Workshops and Tutorials


The 23rd International Conference on Supercomputing (ICS-2009) program will include workshops and tutorials on Monday, June 8 and Friday, June 12.


Monday, 8 June 2009
Morning W1: APGAS W3: WAHA   T4: PetaPerf  
Afternoon   T2: PAM-LS T3: Cetus
Friday, 12 June 2009
Morning W4: FastOS   T5: SM-Grid T6: StreamPPOT T8: FormalVerif
Afternoon   T7: PM-GPU    

The following workshops will take place in conjuntion with ICS'09:

The following tutorials will take place in conjuntion with ICS'09:

For additional information, please contact the chairs at ics09proposals@gmail.com.


W1: 1st Workshop on Asynchrony in the PGAS Programming Model (APGAS)

June 8th, 9:00-17:30 in 26-014 & 26-024

Workshop organizers: George Almasi, Calin Cascaval and Vijay Saraswat, IBM Research.

The new golden era of concurrency offers a diversity of concurrent architectures to the application programmer { clusters of symmetric multiprocessors, heterogeneous accelerators (such as the Cell, GPGPUs), large core-count integrated machines (such as the Blue Gene), and multiple levels of parallelism (multithreaded multicores, such the newer Power architectures, or distributed multiprocessors like the Cray MTA). The central programming challenge for these new architectures is to develop a suitable and robust programming model. The Partitioned Global Address Space (PGAS) model has attracted considerable attention as such a programming model, particularly in the High Performance Computing space. However, widespread acceptance and extension to newer paradigms (e.g. to heteregeneous accelerators and irregular application domains) has been hampered by a focus on homogoneous execution contexts and the Single Program Multiple Data (SPMD) threading model. Several research groups have recently started to investigate asynchronous execution in the PGAS model. Asynchronous execution is the foundation for active message programming, and fine-grained concurrency (e.g. Cilk-style fork-join, OpenMP style teams). It is also the basis for data transfer between non-coherent memories (DMA), remote atomic operations, and in general for techniques for overlapping computation and communication. Finally, asynchronous execution offers a simple model for spawning massive multi-threaded kernel computations on accelerators such as GPUs.

Link to workshop page

APGAS workshop program


W2: High Performance Embedded Storage Systems (HPESS) (CANCELLED)

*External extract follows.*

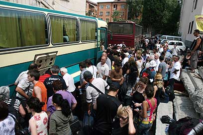 המונים מנסים לעלות על האוטובוס בדרך לטיסה (צילום: צור שיזף, טביליסי)

Embedded systems are deployed in a wide range of applications including consumer products, car electronics and nuclear power plants. Storage solutions for embedded systems must meet high performance standards, de_ned by criteria such as reliability, speed, energy consumption, weight/space constraints and cost. These solutions are increasingly based on relatively recent technologies such as Flash and MEMS. This workshop aims to bring together researchers from both academia and industry to address, explore and exchange new ideas or results in both hardware design and software implementation of storage solutions for embedded high performance systems.

Link to workshop page


W3: 1st Workshop on Accelerators for High-performance Architectures (WAHA)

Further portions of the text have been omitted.